■ Problem to work on
Only the lines from the one containing "Página para colorear" through the end of the data are wanted, reproduced exactly and without pictures.

■ The data

<<<<

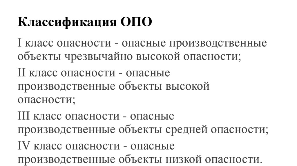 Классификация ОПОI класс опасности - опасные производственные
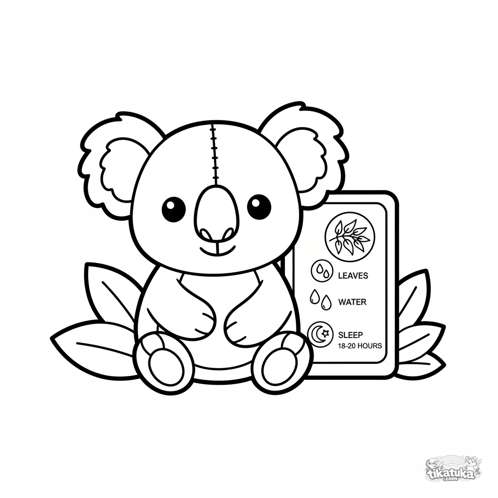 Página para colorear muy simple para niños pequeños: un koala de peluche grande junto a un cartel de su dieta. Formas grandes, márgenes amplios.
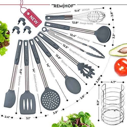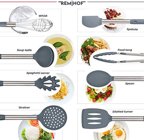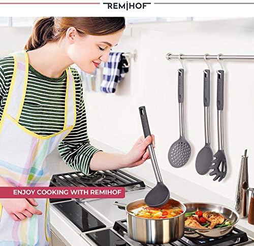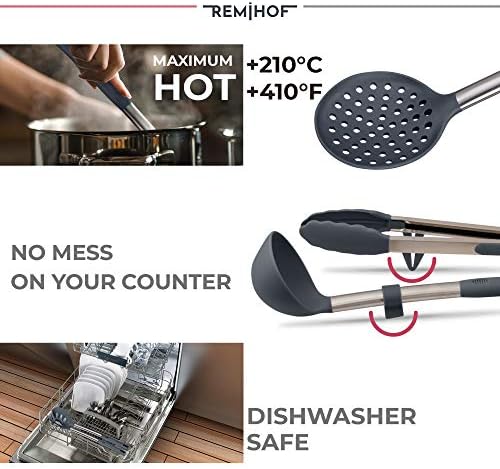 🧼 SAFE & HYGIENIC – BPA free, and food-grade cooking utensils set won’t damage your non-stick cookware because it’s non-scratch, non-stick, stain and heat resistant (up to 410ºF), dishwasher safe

>>>>

■ Exercise solution
 Página para colorear muy simple para niños pequeños: un koala de peluche grande junto a un cartel de su dieta. Formas grandes, márgenes amplios.
 🧼 SAFE & HYGIENIC – BPA free, and food-grade cooking utensils set won’t damage your non-stick cookware because it’s non-scratch, non-stick, stain and heat resistant (up to 410ºF), dishwasher safe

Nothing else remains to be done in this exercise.